Data for this task:

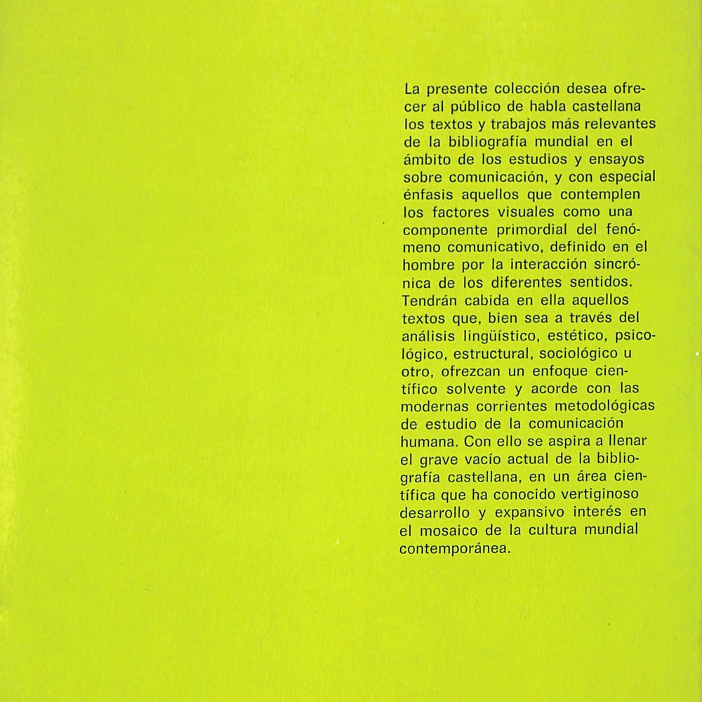 - Forma parte de la Colección Comunicación Visual, que incluía traducciones y estudios avanzados de semiótica, comunicación y teoría cinematográfica.
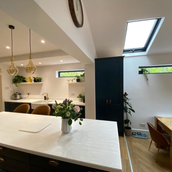 The chimney breast was used as a feature to house the induction hob. Two spacious pantry style cupboards at either end of the kitchen; provided plenty of additional storage.
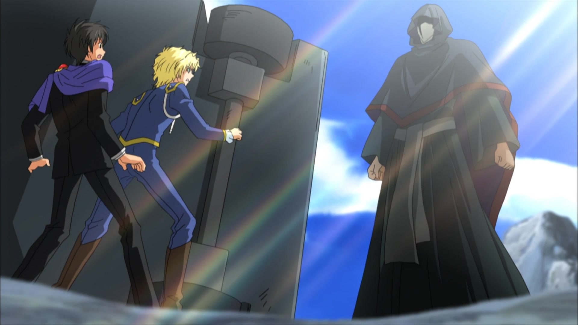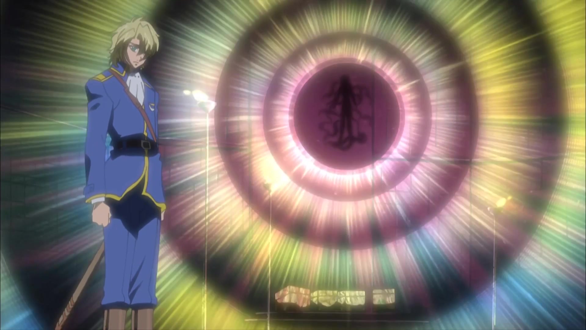 As the sealing ceremony begins, Yuri loses his focus when Wolfram attacks while a shadow appears, grabbing the keys to the boxes and opening them. From within appears the Great One himself, but Murata and Josak spring into action to stop him from opening
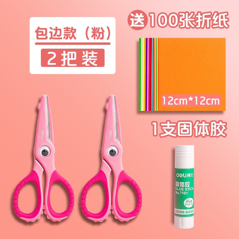 - Specification: 2 pieces【Alligator Edge】Blue + Pink / Comes with 100 sheets of origami paper + 1 solid glue
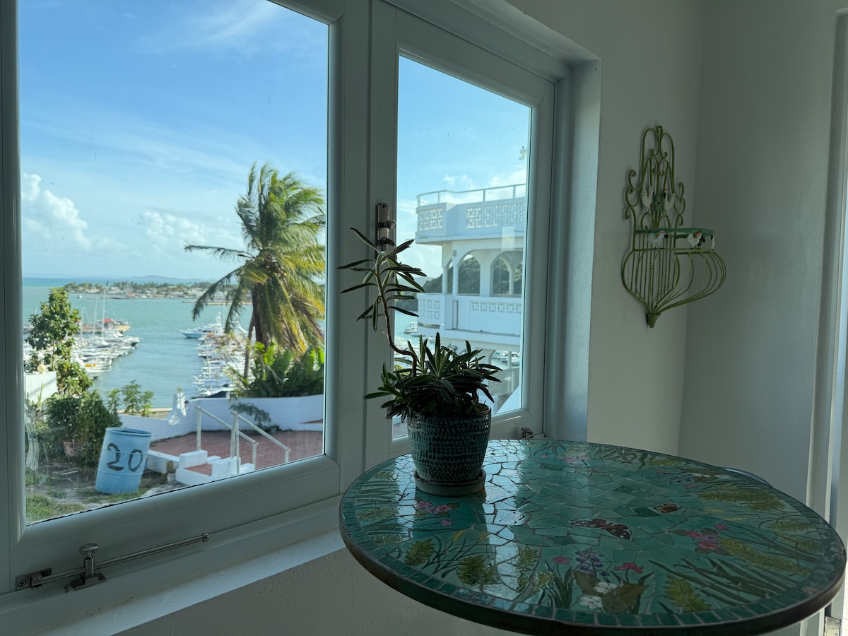 最近改装されたペントハウスには、クイーンサイズベッド2台、リビング/ダイニングと一体化したフルキッチン、バスルームがあります。サイドドアを開くと広々としたパティオがあります。エスペランザのマレコン(主要観光地)まで徒歩わずか7 ~10分で、生活必需品を買うことができるグリーンストアにも近いです。島で最速のWi-Fiを提供しておりますので、ゲストはインターネットに接続したままで済みます。1階にはマンゴーの木があるトロピカルガーデンがあります。 このユニットには新品のアップグレードされたエアコンがあります!
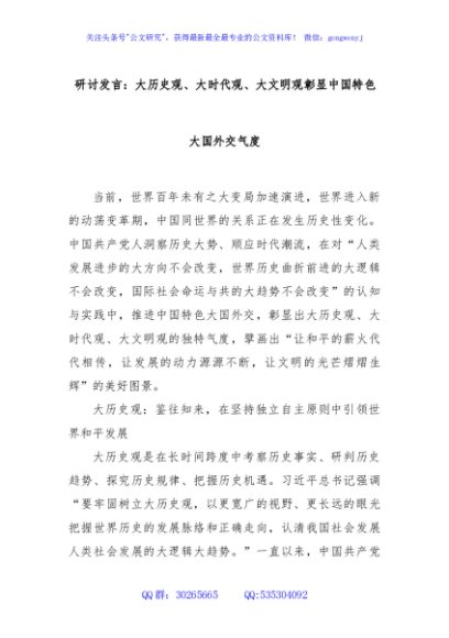 / 研讨发言:大历史观、大时代观、大文明观彰显中国特色大国外交气度

Task:
This exercise calls for the records to be given again exactly, without the images.

Output below:
 - Forma parte de la Colección Comunicación Visual, que incluía traducciones y estudios avanzados de semiótica, comunicación y teoría cinematográfica.
 The chimney breast was used as a feature to house the induction hob. Two spacious pantry style cupboards at either end of the kitchen; provided plenty of additional storage.
 As the sealing ceremony begins, Yuri loses his focus when Wolfram attacks while a shadow appears, grabbing the keys to the boxes and opening them. From within appears the Great One himself, but Murata and Josak spring into action to stop him from opening
 - Specification: 2 pieces【Alligator Edge】Blue + Pink / Comes with 100 sheets of origami paper + 1 solid glue
 最近改装されたペントハウスには、クイーンサイズベッド2台、リビング/ダイニングと一体化したフルキッチン、バスルームがあります。サイドドアを開くと広々としたパティオがあります。エスペランザのマレコン(主要観光地)まで徒歩わずか7 ~10分で、生活必需品を買うことができるグリーンストアにも近いです。島で最速のWi-Fiを提供しておりますので、ゲストはインターネットに接続したままで済みます。1階にはマンゴーの木があるトロピカルガーデンがあります。 このユニットには新品のアップグレードされたエアコンがあります!
 / 研讨发言:大历史观、大时代观、大文明观彰显中国特色大国外交气度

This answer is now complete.